Spyke
programming.dev

One of the downsides to hardcoding snap to only be able to use a single repo/store is probably added difficulty in creating testing infra for testing if uploads/CI/CD work.

lol, one of the first one's I click on: https://snapcraft.io/test-snapd-public (by Canonical)

A basic buildable snap that is expected to be published in public mode

Maybe if they didn't insist on holding a monopoly over the store, they would be able to have an internal version of the store for testing, rather than cluttering the public one.

4

This is the best summary I could come up with:


As detailed by one user wondering what happened on the Snapcraft forums, the wallet immediately transferred his entire balance to an unknown address after a 12-word recovery phrase was entered (which Exodus tells you on support pages never to do).
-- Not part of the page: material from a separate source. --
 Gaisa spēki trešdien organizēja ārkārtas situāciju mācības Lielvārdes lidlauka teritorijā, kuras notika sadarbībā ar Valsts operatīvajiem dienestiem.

Mark Shuttleworth, founder of Ubuntu and CEO of Canonical, responded to a related thread on whether crypto apps should be banned entirely.

Making apps safer for people vulnerable to social engineering is "a very hard problem but one I think we can and should engage in," Shuttleworth wrote.
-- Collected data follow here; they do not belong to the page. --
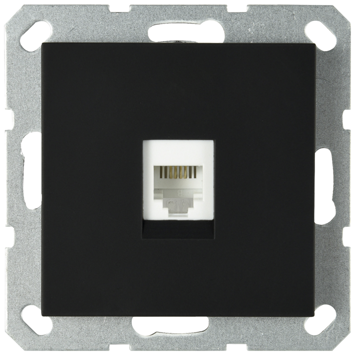 Телефонная розетка RJ11 с накладкой, цвет черный матовый (soft touch), G6101PB, JASMART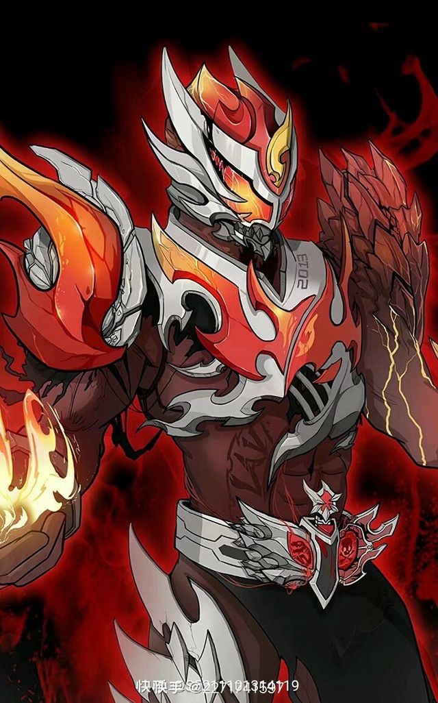 【张千叶.影】从召唤器中喷发出暗黑紫色的火焰包括【张千叶.影】,火焰开始不断凝聚为铠甲覆盖在他的身上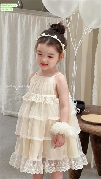 V0526 - 90/130 Đầm xoè lưới ren tầng
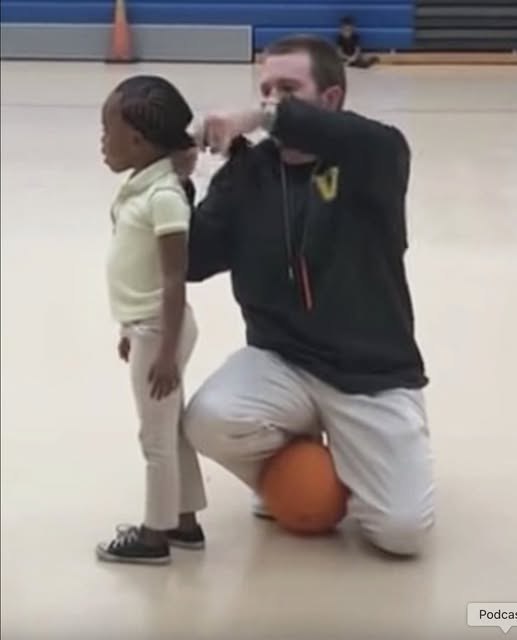 He only saw a child who needed to feel okay. Between drills and bouncing balls, he balanced on a basketball, clumsy fingers working through small braids, making sure no hair would sting her eyes when she ran. No big speech. No audience. Just a grown man choosing patience over hurry, tenderness over distance, presence over distraction.When the clip escaped the gym, millions recognized something they’d nearly forgotten: the quiet, daily courage of people who stand in the gaps for children who are not their own. They tie shoes, learn nicknames, hear unspoken fears, and become safe places in a loud, uncertain world. Jonathan Oliver never set out to go viral; he simply chose to see one little girl fully. In that simple act, he reminded everyone watching that real heroism rarely looks cinematic—it looks like showing up, gently, every single day.

At the Snapcraft forums, Holly Hall, product lead for Ubuntu's backing services company Canonical, wrote last week about a new policy of manual review for all new Snap registrations.
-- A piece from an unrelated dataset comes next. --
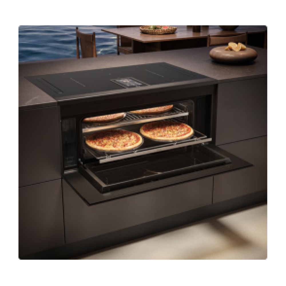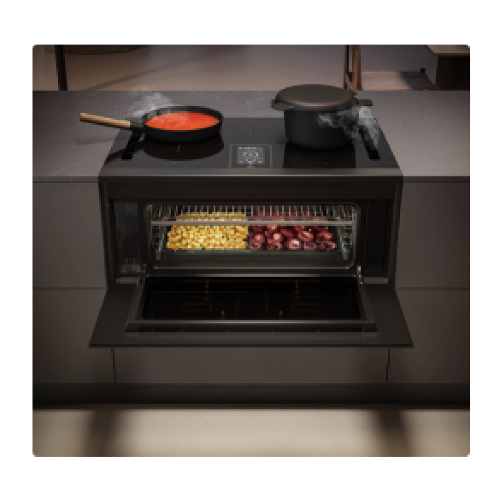 Lhov — первый на рынке прибор "все в одном" (All-in-One), и его инновационные характеристики говорят сами за себя. Шкаф с изящным дизайном из черного стекла — это уникальный синтез эстетики и производительности. Изделие идеально вписывается в кухонный интерьер, и дарит пользователю самые современные функции, комбинации зон и режимов приготовления. Новейший дисплей с "вау-управлением" готов исполнить любое ваше желание. И последнее, но не менее важное преимущество: наличие аспирационной системы нового поколения, способной улавливать пары и запахи с варочной поверхности, а также из духовки.

As noted by The Register, a different sandboxed app platform (store), Flathub, recently made related changes to its validation process.

Open software repositories have long faced issues with malicious look-alike uploads, including the PyPI index for Python programming.


The original article contains 568 words, the summary contains 155 words. Saved 73%. I'm a bot and I'm open source!

3

Snap is stupid, slow and lame. I stopped using Ubuntu just because I hate snaps. I just want to install my programs the normal way and avoid issues.

1

"stupid" and "lame" are a matter of taste, but "slow" is testable, and they're quite fast these days. They have their uses, especially on embedded devices and servers, but I get your point. Flatpak is my go-to.